Wolfleoz von Konstanz, or Wolleozzus (first mentioned in 811; died on 15 March 838 or 839 in Konstanz) was bishop of the Bishopric of Konstanz from 811 to 838/39 and abbot of the Abbey of Saint Gall from 812 to 816.

== Works ==
=== Bishop of Konstanz ===
Wolfleoz became Bishop of Konstanz after Egino's death in 811. In 816, he participated in the translation of relics of Trudpert who was worshipped as a martyr. Probably on this occasion, Wolfleoz also sanctified the newly built minster in St. Trudpert. That same year, he moreover contributed to the inauguration of the abbey church of the Abbey of Reichenau, newly constructed under Abbot Haito. In 829, Wolfleoz attended the synod in Mainz that was convened by Louis the Pious. In 835, he was co-consecratorof the monastery basilica in Saint Gall built under Abbot Gozbert.

=== Abbot of Saint Gall ===
After Abbot Werdo's death on 30 March 812, Wolfleoz, against the will of the members of the Convention in Saint Gall, additionally resumed the office of Abbot of Saint Gall.
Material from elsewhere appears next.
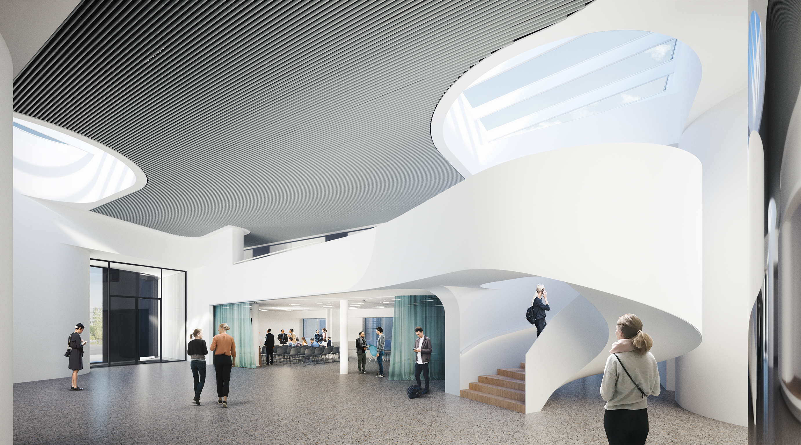 Der Entwurf des Architekturbüros one fine day rückt den Gast in den Mittelpunkt und schafft eine Einheit zwischen Innen- und Außenbereich. Ein zentrales Foyer verbindet alle Bereich des Welcome Forums miteinander und bietet den Besuchern ein 360°-Blick auf die gesamte Schüco Welt. Große Fensterfassade und runde Oberlichter öffnen das Gebäude und lassen an zahlreichen Stellen gezielt Tageslicht einfallen. Die in Teilen organische Formensprache des Entwurfs wird im Inneren durch geschwungene Treppen und abgerundete Tresen unterstrichen und setzt sich auch im Außenbereich fort. Statt eines konventionellen Flachdachs mit Attika haben die Architekten einen abgerundeten, strukturierten Abschluss des Daches gewählt, der von einem leicht fallenden Plisseerock inspiriert ist. Im Halbkreis angeordnete Sitzgelegenheiten und die abgerundete Plaza des Cafés unterstreichen die Formensprache im Außenbereich. Nachhaltige Grünflächen in, um und auf dem Besucherzentrum unterstützen den offenen und einladenden Charakter des Gebäudes und sind ein weiteres Puzzleteil der natürlichen und renaturierten Gesamtgestaltung des Schüco Campus.

He tried to further strengthen his powerful position by allocating monastery offices to laity who were loyal to him. For this reason, the monks of Saint Gall decided to turn to Emperor Louis the Pious with a complaint that initiated the gradual detachment of the Abbey of Saint Gall from the Bishopric of Konstanz. Wolfleoz tried by means of a forged document to enforce his rights, but he failed. In 816, the convent freely elected Gozbert Abbot of Saint Gall. In 818, Louis the Pious granted the Abbey of Saint Gall immunity and therewith the status of an imperial abbey as well as the independence from Konstanz.